DATA FOR REVIEW »
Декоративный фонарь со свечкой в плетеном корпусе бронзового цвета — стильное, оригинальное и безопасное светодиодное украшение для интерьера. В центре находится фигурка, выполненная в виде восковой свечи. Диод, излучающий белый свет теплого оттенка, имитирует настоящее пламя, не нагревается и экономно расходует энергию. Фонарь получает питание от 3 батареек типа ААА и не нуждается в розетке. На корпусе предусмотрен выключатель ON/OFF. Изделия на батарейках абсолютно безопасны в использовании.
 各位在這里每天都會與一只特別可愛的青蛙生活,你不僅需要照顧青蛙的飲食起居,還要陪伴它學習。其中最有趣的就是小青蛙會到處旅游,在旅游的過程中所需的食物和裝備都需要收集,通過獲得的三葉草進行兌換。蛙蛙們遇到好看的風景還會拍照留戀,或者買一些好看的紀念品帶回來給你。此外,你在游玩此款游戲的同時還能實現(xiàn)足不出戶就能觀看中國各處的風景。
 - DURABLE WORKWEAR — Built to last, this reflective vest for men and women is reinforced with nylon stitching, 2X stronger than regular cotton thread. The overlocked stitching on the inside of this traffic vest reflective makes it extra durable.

--

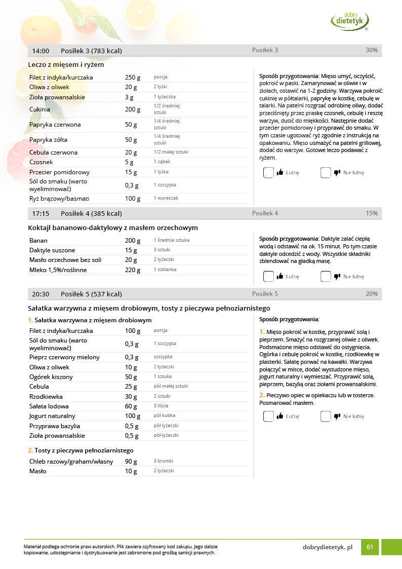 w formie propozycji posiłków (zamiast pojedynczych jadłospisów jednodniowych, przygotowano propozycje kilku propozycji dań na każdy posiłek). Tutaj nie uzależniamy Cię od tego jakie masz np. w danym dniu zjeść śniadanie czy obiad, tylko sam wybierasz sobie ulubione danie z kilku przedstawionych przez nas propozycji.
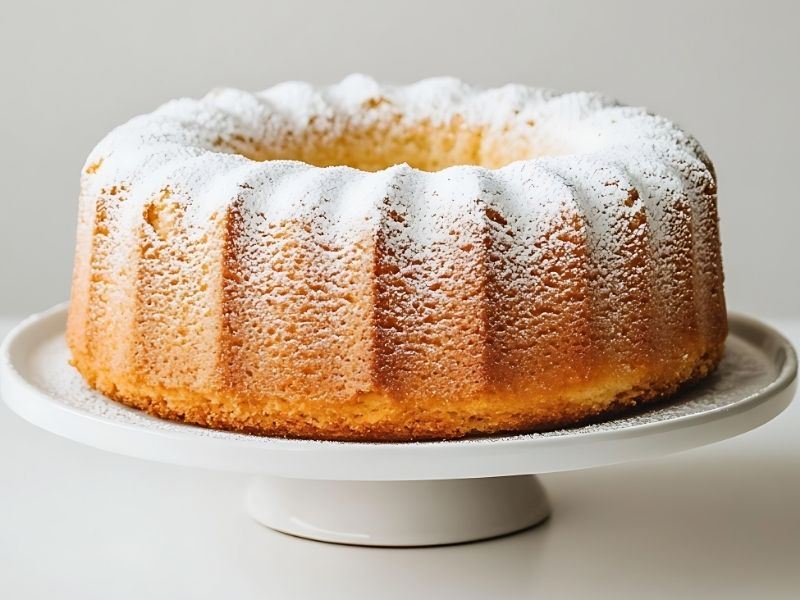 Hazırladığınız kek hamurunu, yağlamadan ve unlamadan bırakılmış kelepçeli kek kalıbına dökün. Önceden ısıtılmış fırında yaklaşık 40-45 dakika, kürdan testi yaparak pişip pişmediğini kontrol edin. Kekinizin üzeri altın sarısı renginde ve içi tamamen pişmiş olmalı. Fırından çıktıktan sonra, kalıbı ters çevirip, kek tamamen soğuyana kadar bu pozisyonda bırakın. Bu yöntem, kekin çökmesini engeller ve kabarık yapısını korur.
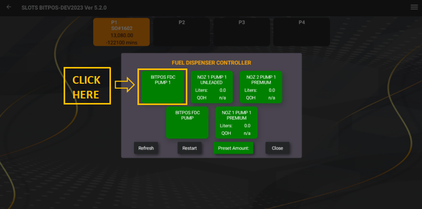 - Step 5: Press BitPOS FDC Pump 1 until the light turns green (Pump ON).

* * *

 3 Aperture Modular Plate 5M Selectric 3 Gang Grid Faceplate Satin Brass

EXERCISE PROMPT » In the listing above, find the line with "Hazırladığınız kek hamurunu, yağlamadan" and output every line through the one with "- Step 5: Press", exactly, without the pictures.

EXPECTED ANSWER »
 Hazırladığınız kek hamurunu, yağlamadan ve unlamadan bırakılmış kelepçeli kek kalıbına dökün. Önceden ısıtılmış fırında yaklaşık 40-45 dakika, kürdan testi yaparak pişip pişmediğini kontrol edin. Kekinizin üzeri altın sarısı renginde ve içi tamamen pişmiş olmalı. Fırından çıktıktan sonra, kalıbı ters çevirip, kek tamamen soğuyana kadar bu pozisyonda bırakın. Bu yöntem, kekin çökmesini engeller ve kabarık yapısını korur.
 - Step 5: Press BitPOS FDC Pump 1 until the light turns green (Pump ON).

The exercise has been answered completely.